Gleick illustrates the deep connections that these theories have drawn, for example between the fields of chaos and fractal geometry, tying together parallels between the irregular asymmetry of wilderness or of weather turbulence and the rhythms of a human heartbeat, between the structure of snowflakes and the patterns carved in the desert by the wind. And when mathematics encounters nature, no predictions or calculations can be made, and the “laws” of complexity hold universally. The abstract can be understood through unfolding patterns that blossom into disorder, through flow, through shifts in shape, through motion set in motion.

Relevance for Complex Systems Knowledge
These ideas are now being used in interdisciplinary areas which were once thought to have been separate from physics and mathematics. It has been found, for example that the human body is a complex rhythmic system involving movement and oscillation.

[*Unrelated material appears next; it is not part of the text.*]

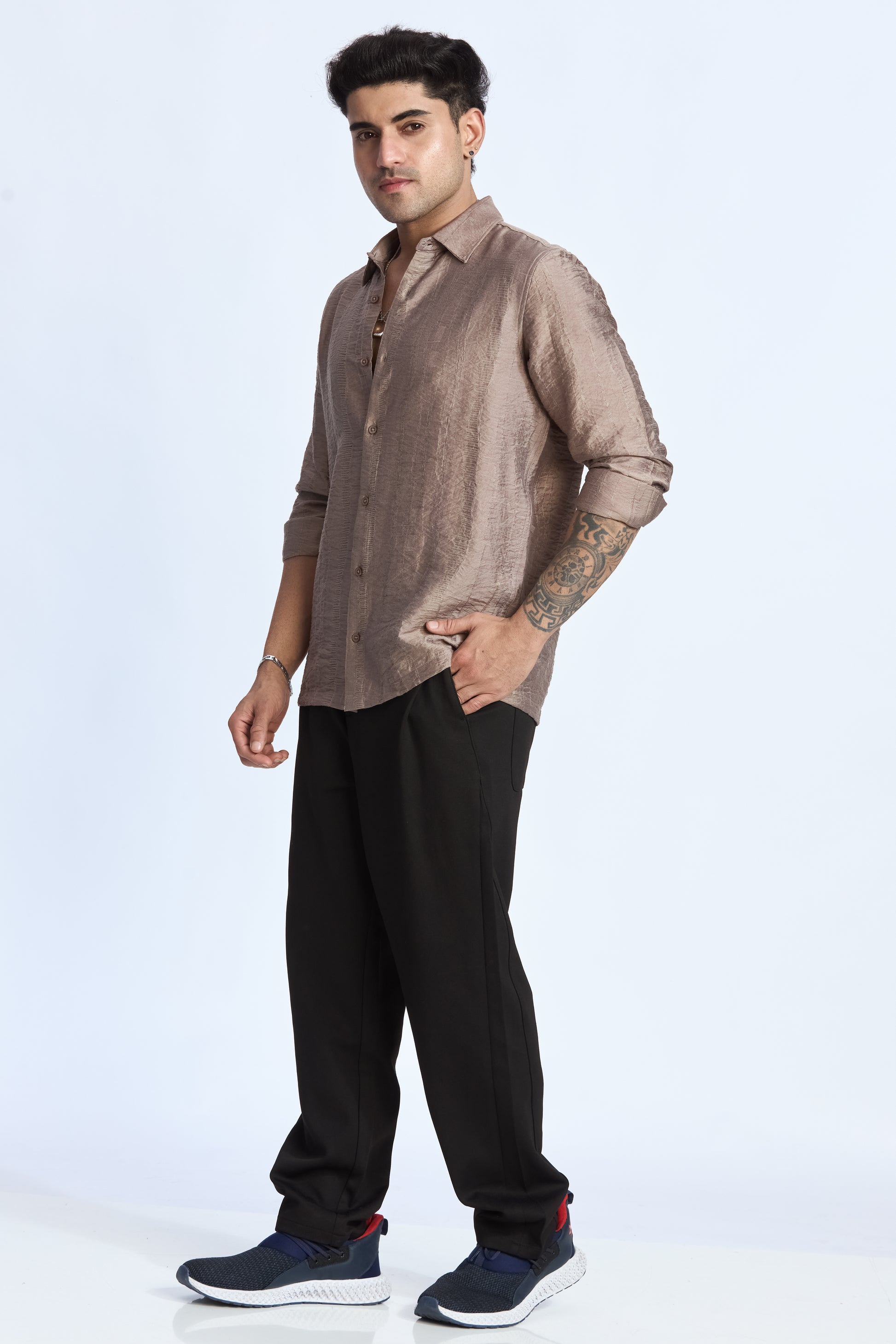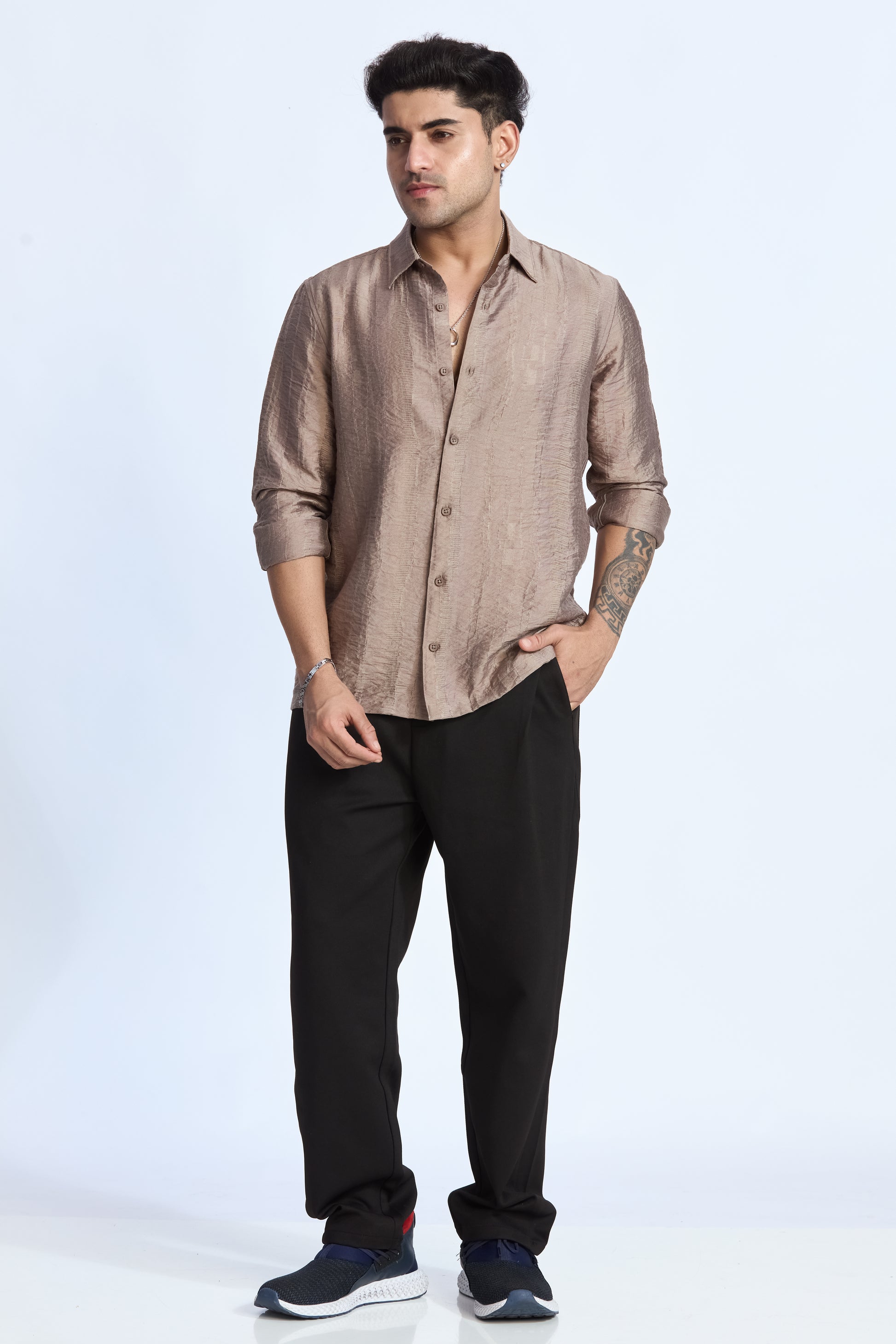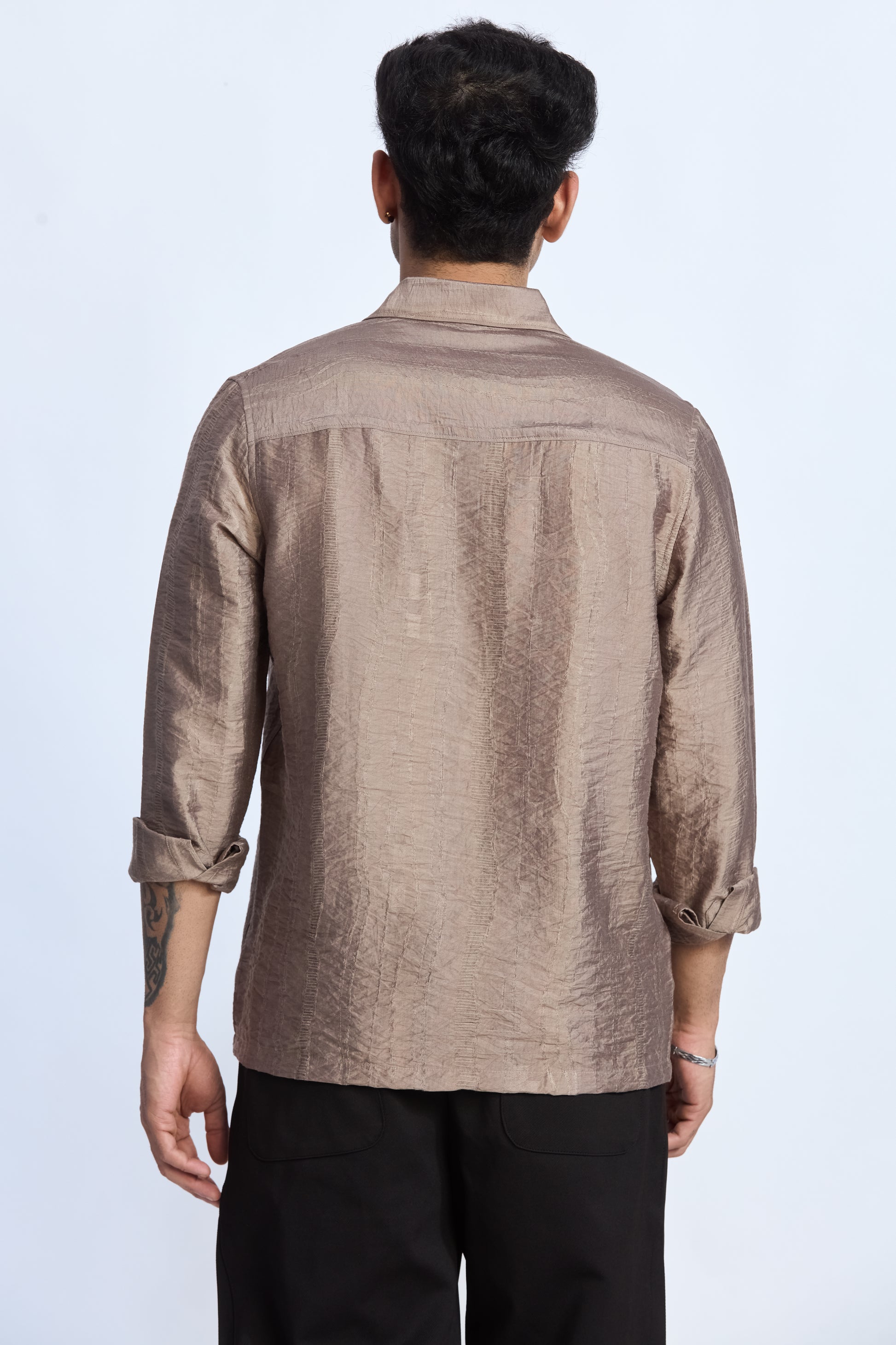 LIGHT MOCHA JACQUARD FLOWING SHIRT
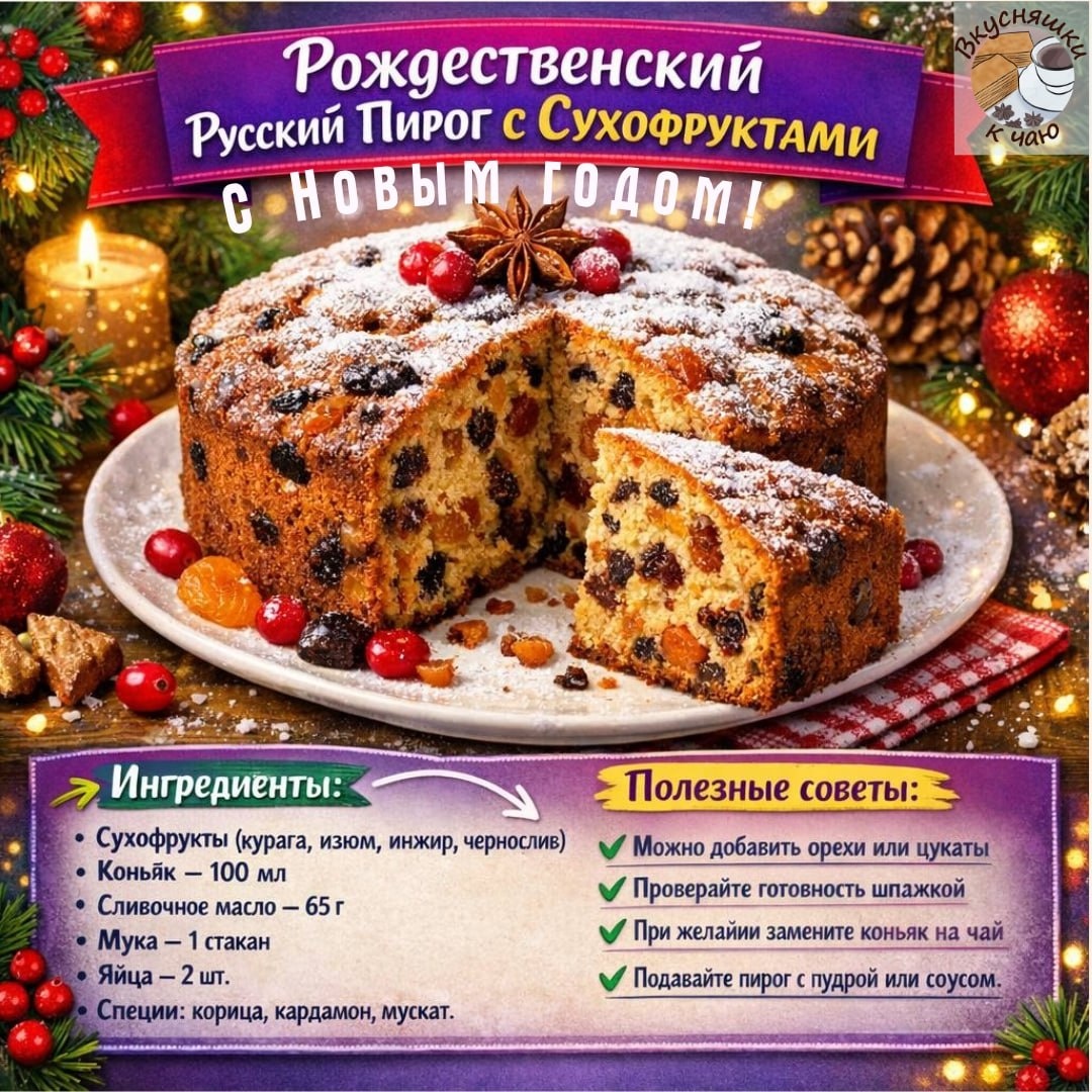 ! ✨ Мечтаете о тёплой, душистой и невероятно вкусной выпечке к праздникам? Наш русский рождественский пирог — это именно то, что нужно! 💎 Всё гениальное — просто: ▪️ Сухофрукты, томлённые в коньячном сиропе. ▪️ Нежное, тающее во рту тесто. ▪️ Аромат, от которого слюнки текут. Идеальный проект для уютного вечера! Готовится легко, съедается мгновенно, а воспоминания оставляет на года. 🍂☕️ ➡️ Полный рецепт с лайфхаками ! #рождество #зимниедесерты #пирог #сухофрукты #уютнаякухня #вкусдома #рецепт

Changes in oscillation can create imbalances: there are invisible inner rhythms of the human body which can be correlated to chaos theory. Now some physiologists speak of dynamical diseases: disorders of systems, breakdowns in coordination or control.
Point of Strength
the story line that Gleick develops to introduce us to these chaos theorists as both men and scientists, and to their discoveries and theories, which permeate every area of study and of life itself, giving us a very human glimpse of an abstraction that is difficult to conceive. Chaos is everywhere.